So first stop was Salzburg, THE land of the Sound of Music. Literally the only downsides to this place were the fact that we didn’t get to our hostel until 2 a.m. and the fact that it was so foggy the whole time we were there that we couldn’t see the Alps. Not that it wasn’t still beautiful. We walked around the city for a good bit, and went inside a few of the gorgeous churches and hiked to the top of one of the hills with a gigantic fortress on top. And after wandering around for a good long while, we got to take the super-touristy Sound of Music tour!!!

The Gazebo

Oh my gosh the marriage church.

Not that I cared how touristy it was. Because we got to sit in a van with other Americans and sing the soundtrack as we drove through beautiful countryside and see all the places that were included in the film. Like the wedding church where Maria and the Captain got married, the row of trees the children climbed, the Von Trapp house, the pond and gardens behind the house, the gazebo, most of the sights in the “Do a Deer” musical section, and so much more. It was some of the most exciting few hours of my life. And since I can’t put all the pictures up here, just look at the ones on Picasa.(https://picasaweb.google.com/100454144518688283131/SoundOfMusic) So doing all that, plus more walking around since it was a beautiful city, took up a good day and a half, and then we headed to Vienna!

Inside the colorful cathedral

Vienna was also amazing. There is so much history and culture in that city, it’s ridiculous. You can also see Zach’s and Jake’s posts about their time in Vienna. I didn’t have quite as much time there, just about two days, but it was still fantastic. We got in a bit before dinnertime, so decided to wander the city for a bit and get food. The absolute highlight of the night was going into the huge church downtown on a whim. Turns out they turn on tons of colorful lights inside at night, and it was just dazzling. I can’t describe it. So beautiful seeing a huge cathedral burst with color.

The next day we started at Schoenbrunn Palace, which is basically Versailles #2. It was absolutely gorgeous inside (and it was nice not to have to take a tour for once.. they just give out audioguides with the tickets and let you wander yourself). And the gardens also were fantastic. If it wasn’t so cold I could’ve spent an entire day there just sitting outside. After that, Molly and I went to the famous art museum while Matt went to go find Bach stuff, and other music-related stuff. It is famous for a reason, it had so many famous paintings by famous artists that even I knew, as artistically retarded as I am.

Molly in front of Schloss Schoenbrunn

After lunch at Nordsee (cheap fish!) Molly and I wandered around the city for a good bit. Since Christmas decorations were starting to go up, it was even more beautiful.
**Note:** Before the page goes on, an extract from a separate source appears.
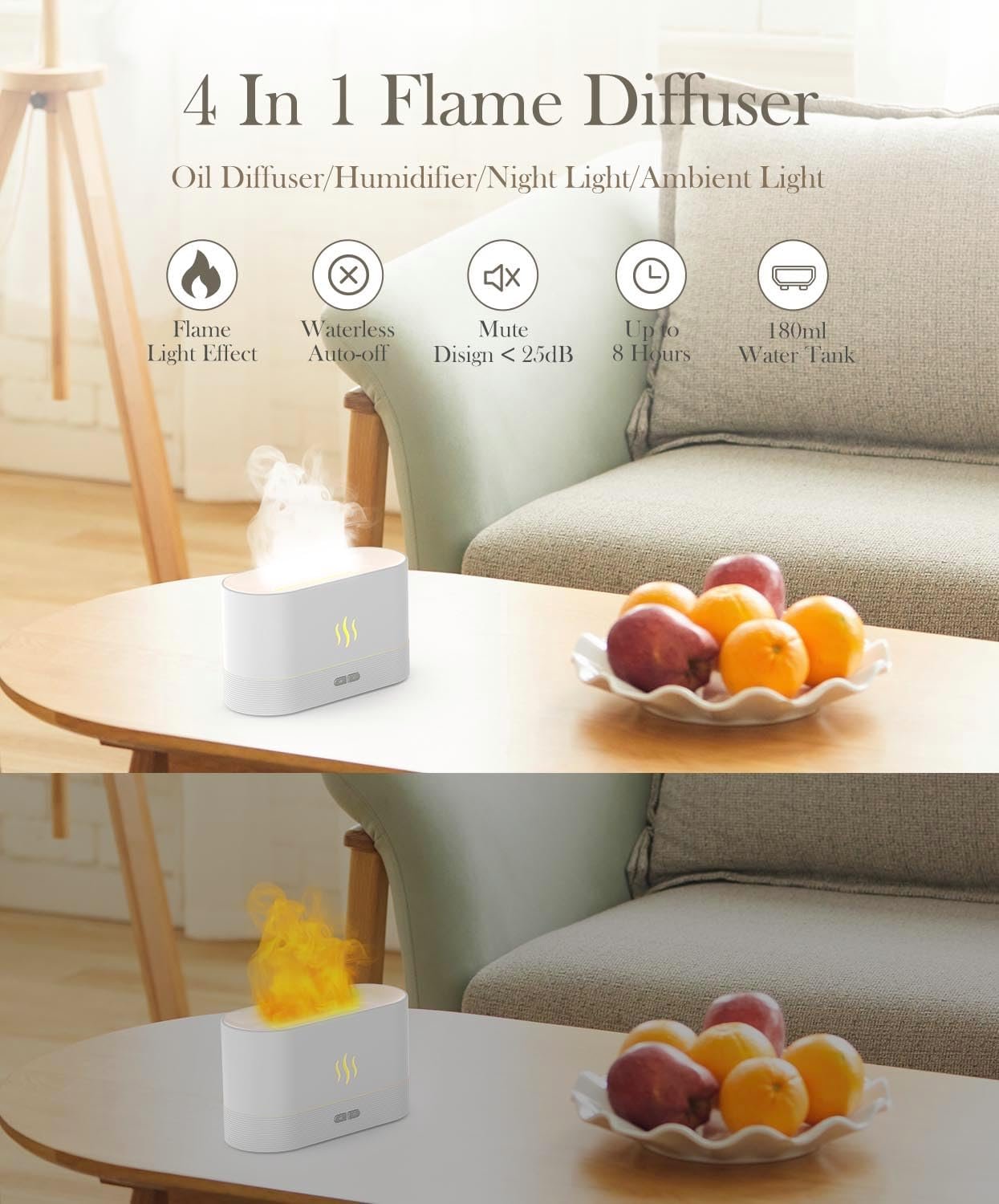 Essential Oil Diffuser,Humidifier with 7 Colors Flame Light,180ml Air Humidifiers for Bedroom, Home, Office, Gifts – Portable,Auto-Off Protection,4 Modes Mist(Black)

After a bit of shopping and hot chocolate and cake, we made it over to the Belvedere Palace, which had a bunch of Klimt art, which Molly went crazy over while I relaxed in the garden instead. And then for the rest of the night we just relaxed in the city over drinks and at the hostel.

The next morning we decided to see if we could catch the end of the Vienna Boy’s Choir, since they sing every Sunday during the chapel service at the Hofburg Palace. We figured there’d be no way to see them, since they supposedly sing from the balcony and nobody can see. BUT turns out they came downstairs for a final song after the procession out! And we got there at just the right moment, right before they started singing. So we just so happened to see and hear the most famous choir in the world in a palace, without paying anything and without planning it. It was absolutely fabulous. And I mean, they’re pretty good, but the main attraction is that they’re so famous. There’s fabulous music all over Europe in the churches.

Vienna Boy’s Choir

Vienna’s Rathaus, or city hall

After that, we had a few hours to wander around before our train back to Reutlingen. So we found the beautiful Austrian Parliament building, and the city hall of Vienna. Both absolutely stunning. And the Christmas market in Vienna had just started, so we were able to get our first taste of Christmas in Europe! More posts about Christmas markets coming later, of course, but this one was beautiful with the gigantic city hall in the back ground. But then we had to leave.. And thus concluded my fabulous two-week adventure all over western Europe. Five countries, plus an island, and many more cities than that, not bad for two weeks. Bis zum nächsten Mal!

Second Week of Break

It’s been forever since I wrote. Last time, you got to hear about all my adventures for the first half of fall break, with Rome, Venice, and Corsica. Now, three weeks later (sorry…) you get to hear about the second week! So I’ll jump right in.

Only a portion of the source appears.